#5 – HUIT CENT CINQUANTE MÈTRES

Le train au départ de Saint-Lazare direction Ermont        le train au départ de Saint-Lazare direction Cergy        ligne L ligne J        direct jusqu’à Asnières        omnibus Pont-Cardinet Clichy-Levallois Asnières-sur-Seine Bécon-les-Bruyères Les Vallées        ce passage d’une minute avec les voies de garage en éventail        avec le poste A le poste B        les rails courbes d’aiguillage        les digitales qui poussent là où rien ne circule         les géomètres en gilets jaunes        le SERNAM déteint sur l’entrepôt en brique        les wagons à bestiaux        les cônes de ballast sous la pluie        cette emprise qui s’enfonce dans Clichy avec ses Intercités normands à l’arrêt        ses petits gris remisés        ses locomotives sans wagons        Le 18 septembre 1906 5 rue des Cailloux la maison collée aux rails c’est là qu’il est né        les vapeurs direction Rouen Dieppe Fécamp la suie autour des yeux de Jean Gabin        18 septembre 1906 l’existence débute là        l’existence avant le cor dans l’harmonie municipale        avant le service à Strasbourg        avant le mariage de 1930        avant celui de 1933        avant le garage de Constantine        avant la tôle des avions Bloch        18/09/06 le premier cri        à cent mètres le pont d’Asnières        le traversant au couchant voici La Défense le verre que le couchant irise l’acier que le couchant argente        à cent mètres du pont le cimetière sous les marronniers – pour les couleurs choisis ta saison – l’omnibus comme le direct le dépassent à vitesse moyenne        c’est là que dort depuis 1990 l’enfant de 1906        ce que la J et la L enjambent c’est le passage d’une vie de quatre-vingt-quatre ans        huit cent cinquante mètres du berceau à la tombe huit cent cinquante pas un de plus.

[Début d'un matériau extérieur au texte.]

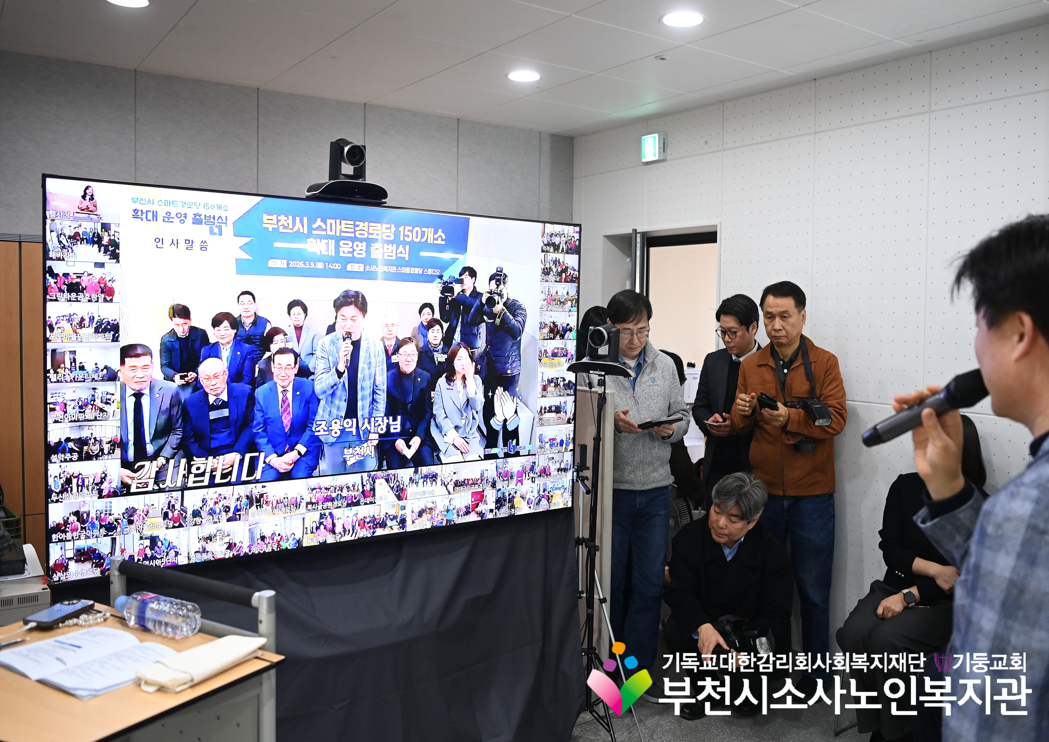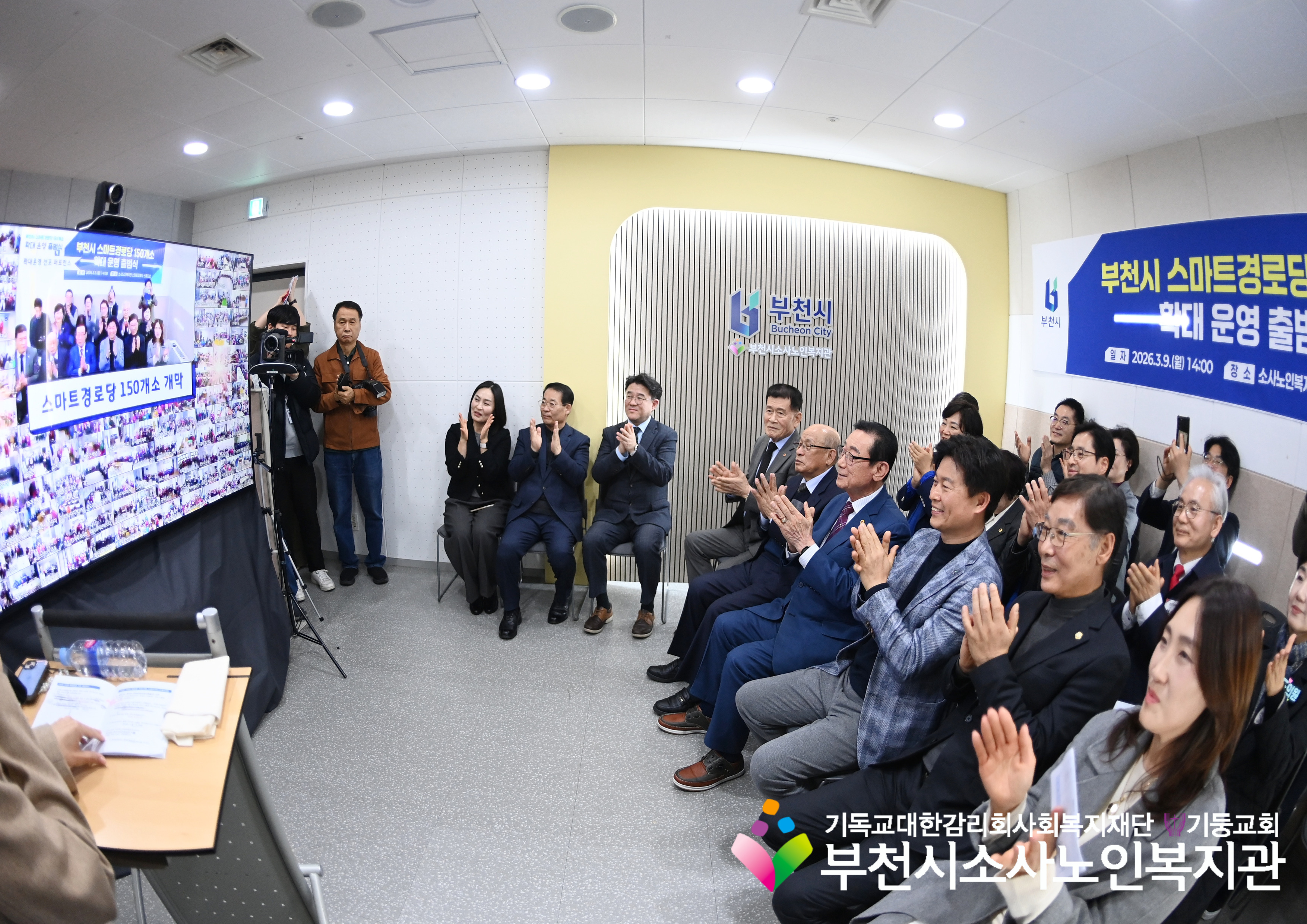 부천시소사노인복지관에서는 2026년 3월 9일 월요일 부천시 스마트경로당 150개소 확대 운영을 알리는 출범식을 진행하였습니다.

A propos de Xavier Georgin

Xavier GEORGIN est auteur, animateur d'ateliers d'écriture et membre du collectif La Ville au Loin (https://la-ville-au-loin.fr/). Il écrit des textes où se rencontrent histoires familiales et traces dans l’espace urbain puis les met en son et en images sur son site internet www.xaviergeorgin.fr

2 commentaires à propos de “#5 – HUIT CENT CINQUANTE MÈTRES”

  1. ah ben nous voilà rendus au bout de ses 850M, avec la chute vraiment poignante, (me rend compte que le mot chute colle pas du tout, j’y vois plutôt comme une ouverture soudaine ) un trajet de vie en somme, ça change des tranches peut-être trop vues, je ne sais pas, ces blancs m’interrogent mais là, je les trouve bien à leur place sur ce chemin ferroviaire.